Hi all, I'm looking to adopt out my Sealpoint Siamese variberk female, Garnet. She's approx 5 months old, though I don't have an exact birthdate because I rescued her from a local pet store. She's completely healthy now, despite having had quite the severe case of ringworm when I got her. She's also been treated with Ivermectin twice for mites & will be having a 3rd dose shortly (the next few days) just to make sure she's clear (she's never had them, just doing it in case). She's also very social and enjoys climbing into your lap if you sitting down with her when she's got floor time. She's also shiny & SUPER soft/silky, though I'm not sure if it's because she has "baby fur" or not. She will come with her 20 gal long tank (w/cover) with a large, edible "Snak Shack", metal potty bowl, a nearly new 12.5L pkg of CareFresh Colors pet bedding, a Super Pet 6 oz glass water bottle (w/Oasis metal bottle holder/chew guard) & extra towels that I use to line her cage.

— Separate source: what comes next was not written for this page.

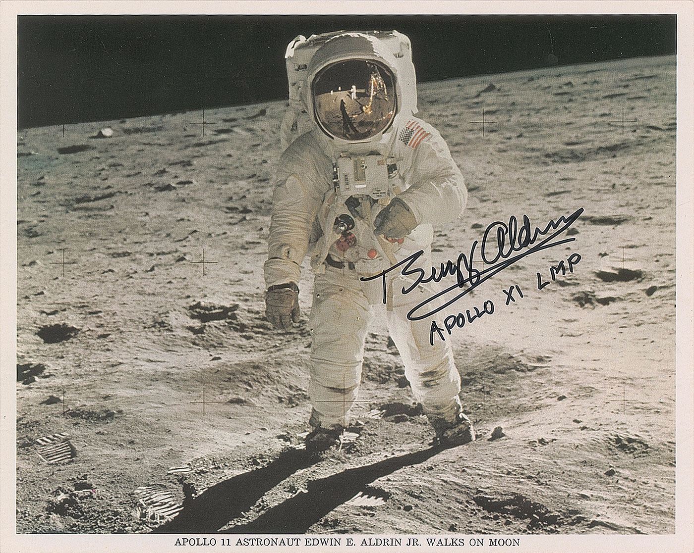 Official color 10 x 8 NASA lithograph of Aldrin standing on the lunar surface, signed in black felt tip, "Buzz Aldrin, Apollo XI LMP." In very fine condition. An ideal example of this iconic moment.

There won't be an adoption fee to an established forum member.

I honestly don't want to adopt her out at all, but my fiance is being transferred to Texas in July. We're driving the entire way (at least 34 hrs), then going to be staying in his brother's travel trailer until we find our own place. I just don't think it's fair for her to have to deal with all of the changes. I'm sure she'd also be much happier with a new friend or as part of a mischief. I didn't think I'd care so much for a little rodent, but she's got so much personality!


----------



## ratatattat (Aug 31, 2012)

Awww i would take her if I was a little closer. I am in Idaho though. Good luck.

Sent from Petguide.com Free App


----------



## socal_sarah (Mar 5, 2013)

Lol, we may actually have to drive through ID on the way down. Where are you at?


----------